== Supplied material

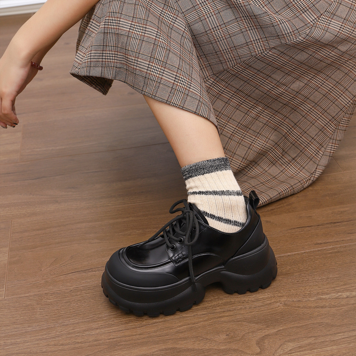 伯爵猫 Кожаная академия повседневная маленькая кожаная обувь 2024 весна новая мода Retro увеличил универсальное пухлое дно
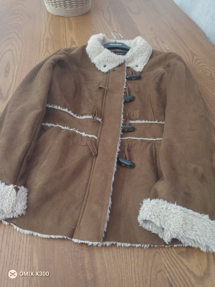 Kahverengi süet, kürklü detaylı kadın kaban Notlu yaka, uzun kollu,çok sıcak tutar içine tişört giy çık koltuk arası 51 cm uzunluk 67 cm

====
== Supplied material

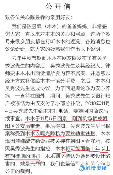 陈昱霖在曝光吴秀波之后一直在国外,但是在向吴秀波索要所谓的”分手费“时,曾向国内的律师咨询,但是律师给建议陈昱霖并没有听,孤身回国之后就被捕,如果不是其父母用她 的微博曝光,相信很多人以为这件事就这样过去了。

====

**Work request**
Output exactly the lines above, from the line with "伯爵猫 Кожаная академия" to the line with "Kahverengi süet, kürklü", both included; skip the pictures.

**Exercise result**
 伯爵猫 Кожаная академия повседневная маленькая кожаная обувь 2024 весна новая мода Retro увеличил универсальное пухлое дно
 Kahverengi süet, kürklü detaylı kadın kaban Notlu yaka, uzun kollu,çok sıcak tutar içine tişört giy çık koltuk arası 51 cm uzunluk 67 cm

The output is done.